Okay, so we've simplified E(SST) as far as is probably necessary. Let's use it now to find E(MST).

Well, if the null hypothesis is true, $$\mu_1=\mu_2=\cdots=\mu_m=\bar{\mu}$$, say, the expected value of the mean square due to treatment is:

$$E[M S T]=E\left[\frac{S S T}{m-1}\right]=\sigma^{2}+\frac{1}{m-1} \color{red}\overbrace{\color{black}\sum\limits_{i=1}^{m} n_{i}\left(\mu_{i}-\bar{\mu}\right)^{2}}^0 \color{black}=\sigma^{2}$$

On the other hand, if the null hypothesis is not true, that is, if not all of the $$\mu_i$$ are equal, then:

$$E(MST)=E\left[\dfrac{SST}{m-1}\right]=\sigma^2+\dfrac{1}{m-1}\sum\limits_{i=1}^{m} n_i(\mu_i-\bar{\mu})^2>\sigma^2$$

So, in summary, we have shown that MST is an unbiased estimator of $$\sigma^2$$ if the null hypothesis is true, that is, if all of the means are equal. On the other hand, we have shown that, if the null hypothesis is not true, that is, if all of the means are not equal, then MST is a biased estimator of $$\sigma^2$$ because E(MST) is inflated above $$\sigma^2$$. Our proof is complete.

Our work on finding the expected values of MST and MSE suggests a reasonable statistic for testing the null hypothesis:

$$H_0: \text{all }\mu_i \text{ are equal}$$

against the alternative hypothesis:

$$H_A: \text{at least one of the }\mu_i \text{ differs from the others}$$

is:

$$F=\dfrac{MST}{MSE}$$

Now, why would this F be a reasonable statistic? Well, we showed above that $$E(MSE) = \sigma^2$$. We also showed that under the null hypothesis, when the means are assumed to be equal, $$E(MST) = \sigma^2$$, and under the alternative hypothesis when the means are not all equal, E(MST) is inflated above $$\sigma^2$$. That suggests then that:

1. If the null hypothesis is true, that is, if all of the population means are equal, we'd expect the ratio MST/MSE to be close to 1.
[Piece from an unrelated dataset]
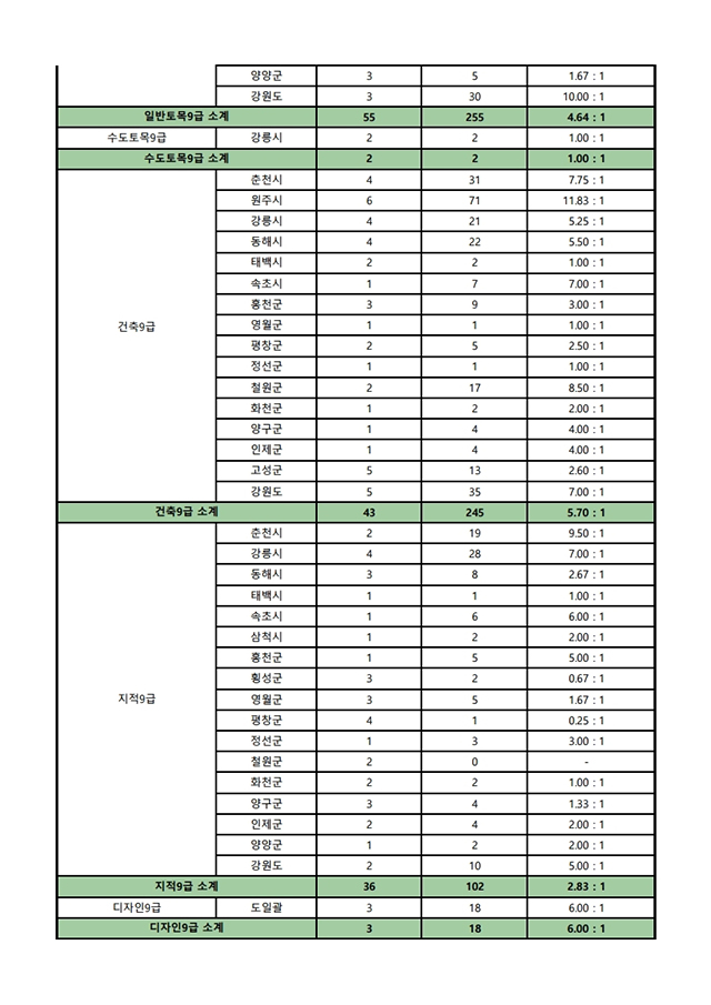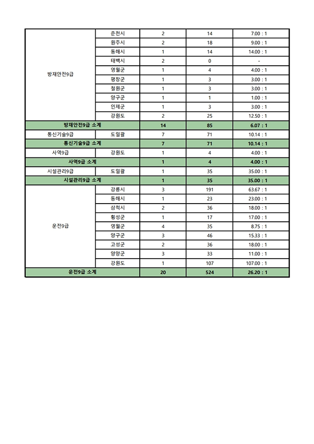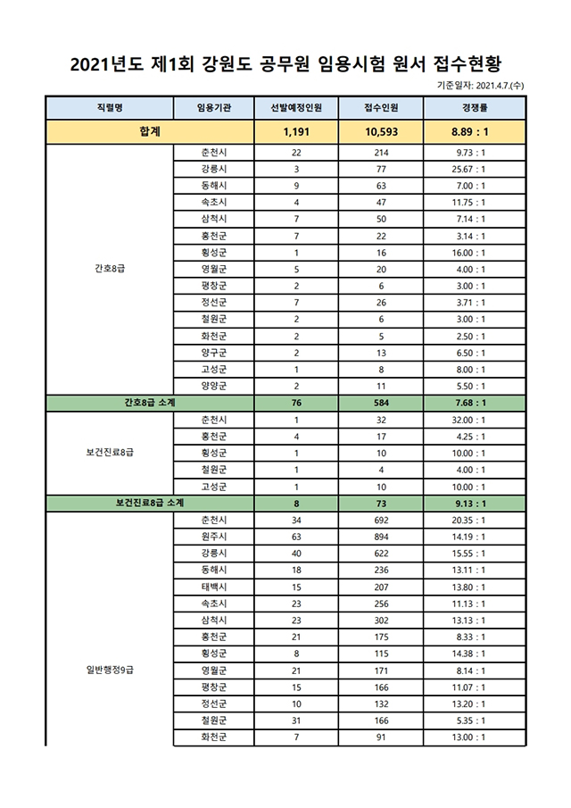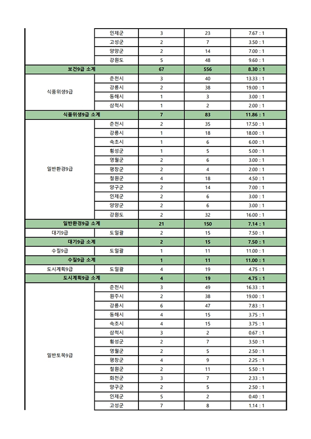 ▶ 2021년도 제1회 강원도 지방공무원 임용시험 경쟁률(최종)

2. If the alternative hypothesis is true, that is, if at least one of the population means differs from the others, we'd expect the ratio MST/MSE to be inflated above 1.

Now, just two questions remain:

1. Why do you suppose we call MST/MSE an F-statistic?
2. And, how inflated would MST/MSE have to be in order to reject the null hypothesis in favor of the alternative hypothesis?
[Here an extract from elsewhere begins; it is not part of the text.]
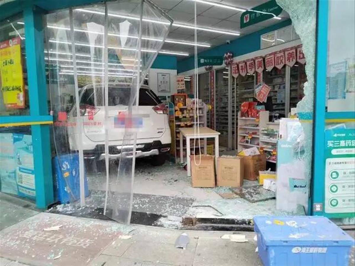 事发地点附近一家商铺的工作人员称,事发上午9时30分许,她突然听到附近传来一声很大的声音,随后听到有人说出了车祸,她出门发现是一辆白色越野车开进了一家药店内,药店玻璃门全部碎了。
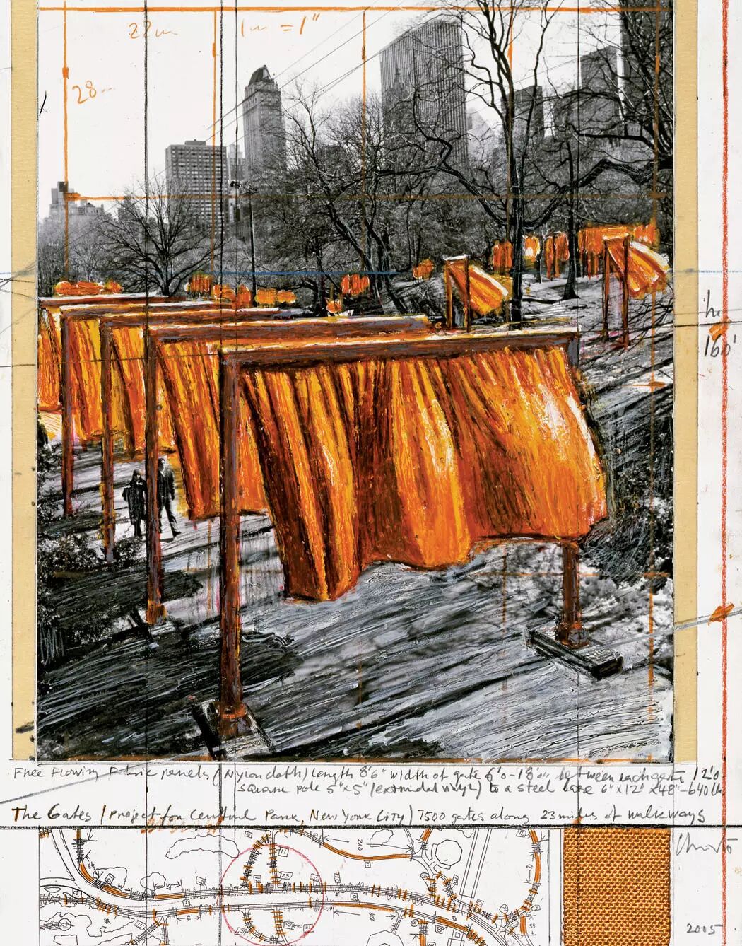 Christo,The Gates (Project for Central Park, New York City),Collage 1980.Pencil, wax crayon, pastel, fabric, photostat and fabric sample,28 x 22" (71 x 56 cm),Private collection,Photo: Archive.

Both of these questions are answered by knowing the distribution of MST/MSE.

## The F-statistic

Theorem

If $$X_{ij} ~ N(\mu$$, $$\sigma^2$$), then:

$$F=\dfrac{MST}{MSE}$$

follows an F distribution with m−1 numerator degrees of freedom and nm denominator degrees of freedom.

It can be shown (we won't) that SST and SSE are independent. Then, it's just a matter of recalling that an F random variable is defined to be the ratio of two independent chi-square random variables. That is:

$$F=\dfrac{SST/(m-1)}{SSE/(n-m)}=\dfrac{MST}{MSE} \sim F(m-1,n-m)$$

as was to be proved.

Now this all suggests that we should reject the null hypothesis of equal population means:

if $$F\geq F_{\alpha}(m-1,n-m)$$ or if $$P=P(F(m-1,n-m)\geq F)\leq \alpha$$

If you go back and look at the assumptions that we made in deriving the analysis of variance F-test, you'll see that the F-test for the equality of means depends on three assumptions about the data:

• independence
• normality
• equal group variances

That means that you'll want to use the F-test only if there is evidence to believe that the assumptions are met. That said, as is the case with the two-sample t-test, the F-test works quite well even if the underlying measurements are not normally distributed unless the data are highly skewed or the variances are markedly different. If the data are highly skewed, or if there is evidence that the variances differ greatly, we have two analysis options at our disposal. We could attempt to transform the observations (take the natural log of each value, for example) to make the data more symmetric with more similar variances. Alternatively, we could use nonparametric methods (that are unfortunately not covered in this course).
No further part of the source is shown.